Гильденстерн тем временем приближается к другому шпиону, напряженно наморщив лоб.
Актер (к Гильденстерну).
– Вы знакомы с этой пьесой, сэр?
Гильденстерн
– Нет.
Актер
– Бойня – целых восемь трупов. Это у нас получается лучше всего.
Гильденстерн (с силой, накапливавшейся во время пантомимы и комментария к ней).
– Ты! Что ты знаешь о смерти?
Актер
– Что актерам это удается лучше всего. Они должны выдать все, на что их талант способен, и их талант – умирание. Они умирают героически, комически, иронически, медленно, быстро, отвратительно, очаровательно и, наконец, на котурнах. Лично мое амплуа несколько более общее. Я извлекаю из мелодрамы суть, которой там часто и нет; но иногда, несмотря на это, проскальзывает тонкий луч света, который, если под определенным углом, может, так сказать, пронзить покров смертности.
Розенкранц
– И это все, на что они способны, – умирать?
Актер
– Нет, нет – они еще красиво убивают. Некоторые убивают даже красивей, чем умирают. Остальные лучше умирают, чем убивают. Это труппа.
Розенкранц
– Который из них который?
Актер
– Почти никакой разницы.
Гильденстерн (страх, насмешка).
– Актеры! Механики дешевых мелодрам! Это не смерть! (Спокойней.) Вы кричите, давитесь, ползаете на четвереньках – но ни у кого это не рождает ощущения смерти – никого не застает врасплох, чтоб в мозгу у них что-то прошептало: «Однажды и ты будешь умирать». (Упрощая.) Вы умираете столько раз; как же вы рассчитываете, что они поверят в смерть подлинную?
Актер
– Как раз наоборот, это единственный вид смерти, в который они верят. Они у меня вышколены. У меня однажды был актер, которого приговорили к виселице за кражу овцы – или барана, – не помню точно. Так я испросил разрешения повесить его по ходу пьесы – пришлось малость изменить фабулу, но я посчитал, что так будет эффектней. Вы, может быть, не поверите, но это не выглядело убедительно.

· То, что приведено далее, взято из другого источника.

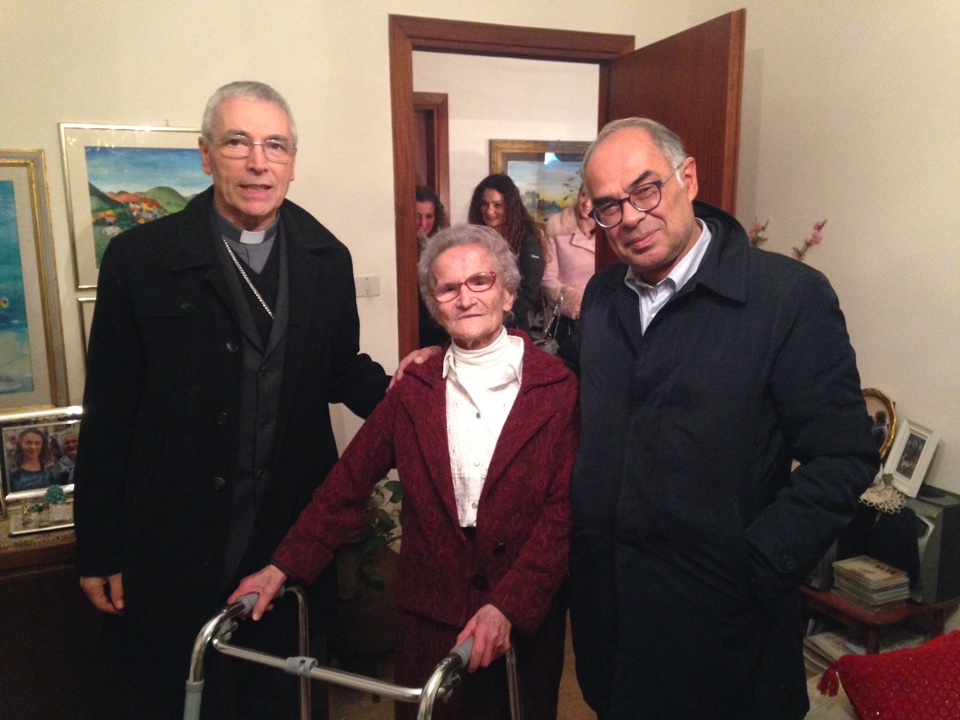 SINDACO E VESCOVO ALLA FESTA DEGLI AUGURI DI NONNA LUISA 107 ANNI

Поколебать их недоверие невозможно, – и когда публика начала глумиться и швырять помидоры – все кончилось катастрофой! – он ничего другого не делал, только плакал – совсем не по роли – просто стоял там и плакал... Нет, больше никогда...
В прекрасном настроении он снова возвращается к пантомиме: два шпиона ожидают казни от его руки, актер вытаскивает из-за пояса свой кинжал.
– Публика знает, чего она хочет, и только этому она согласна верить. (Шпионам.) Показывайте!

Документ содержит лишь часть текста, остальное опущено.